The aim of this post is not specifically to shed more light regarding what went wrong before the launch of SCN, but I do promise to get there. In fact, I hope to do much more: inspire some thinking about the making of load-tests for any big, complex system. I’ve been to a few of these, and many of you have been through this as well, I guess.

One thing that’s always noticeable to me either when I present my findings, or when I read of other’s experiences, is this aura of “OMG SCIENCE AT WORK! HYPOTHESES, ISOLATING VARIABLES, STATISTICS…FEAR ALL YE PRODUCT PEOPLE!”. I do admit it’s kinda satisfying as an engineer to bask in that light. However when looking at the details, there appears an intricate layer of reasoning, switchbacks, convenient omissions and the like which make it read more like a novel (and a bad one at times). Why does that happen?

The Unknown

One major reason, I think, is the actual amount of unknowns you’re facing. Even when you have the legacy of an existing system such as the old SDN, there appear numerous questions. Here are but a few – some are easy, some are hard.

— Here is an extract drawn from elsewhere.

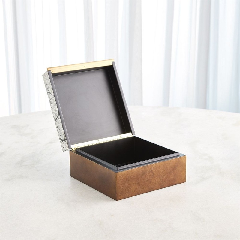 Description: These distinctive boxes and trays showcase crushed and pressed eggshells in captivating designs. Enhanced with an antique gold leaf finish and elegant brass accents, the Eggshell Boxes add a unique touch of artistry to any decor.

  • The old system had of course the concept of replies to discussions, and now we added Likes and Shares on top – so how to estimate the number of such actions? How do these actions affect the number of replies? A safe bet here, which we actually took, is to leave the rate of replies as it is but add likes and shares by a factor of 4x. Why 4x? Because these are much easier tasks for the user to do than reply, and so we needed to have SOME factor there. Of course, one could argue, likes and shares would also increase the number of replies – because people would reply just for the sake of being liked. Here you could hopefully see the endless loop of discussion which may surround every little detail. So, you decide, this corner of the system really doesn’t matter all that much; You go for some nice factor, telling yourself that it’s all fine because you added a lot of load for SOME OTHER FEATURE.
  • And here’s another one: looking at the logs from the old system, we were quite surprised at the number of requests for RSS feeds. I’m not an avid fan of the technology myself, and I had to wonder how many of these registrations are actually “active” – how many users registered once to a blog/discussion and now forgot about it? In other words, how many would bother to register again in the new system, given the fact that the new system has more modern (and arguably better) functionality which serves a similar purpose: Followed Activity? For this corner of the system, we actually decreased the number of RSS requests compared to the old system, while making sure to set a really high rate for the All/Followed Activity page, which we already knew was quite heavy at times. In this process of bargaining, we always made sure the total number of page-views per hour would sum up to what we calculated as representative of a “busy hour in a busy day” – in the old system. Nice, but is this old hourly rate enough anyway? maybe not, but then you have to make your baseline SOMEWHERE and start loading from there.
  • The long-tail of content: Some content, such as Oliver Kohl ‘s blog, is more popular than others 😉 and so you look at your first draft of the test and think: maybe I’m actually making it too hard on that poor system…I mean, I’m randomly requesting for threads that no one would look for anymore, when actually it might be that 20% of threads are viewed by 80%, and maybe it’s even closer to 5% consumed by 95%! If that is indeed the case, my system is gonna smoke that test with its in-memory caches! Results would be wonderful…but if you’re like me, you just don’t take that path of glory. And you know you’re putting some non-realistic load here for the worse, because it evens out with somewhere else where you unknowingly made life way too easy on the system.
  • Product people don’t know any better than you: there are many respects in which they actually do know better (as painful as this is to admit), but suprisingly not in this case. I’ve had this time and time again: You can’t go to someone who’s an expert on functionality and demand some numbers. It’s hard to even get some realistic usage scenario from them. They just don’t think that way, they don’t have that info, and these nice little user-stories are totally made-up anyway – and they know it even better than you do. In the rare case they get TOO INTERESTED, however, you face the possibility of someone actually questioning your basic axioms all over again. Of course, you’re open to that, but as George Smiley once said in “Tinker, Taylor, Soldier, Spy”:
    “TO A POINT”.

I could go on in similar vein forever here, but a pattern does emerge I guess: There’s just a lot you don’t know, and nobody’s gonna help you. So, you try to strike a balance which FEELS right – to you.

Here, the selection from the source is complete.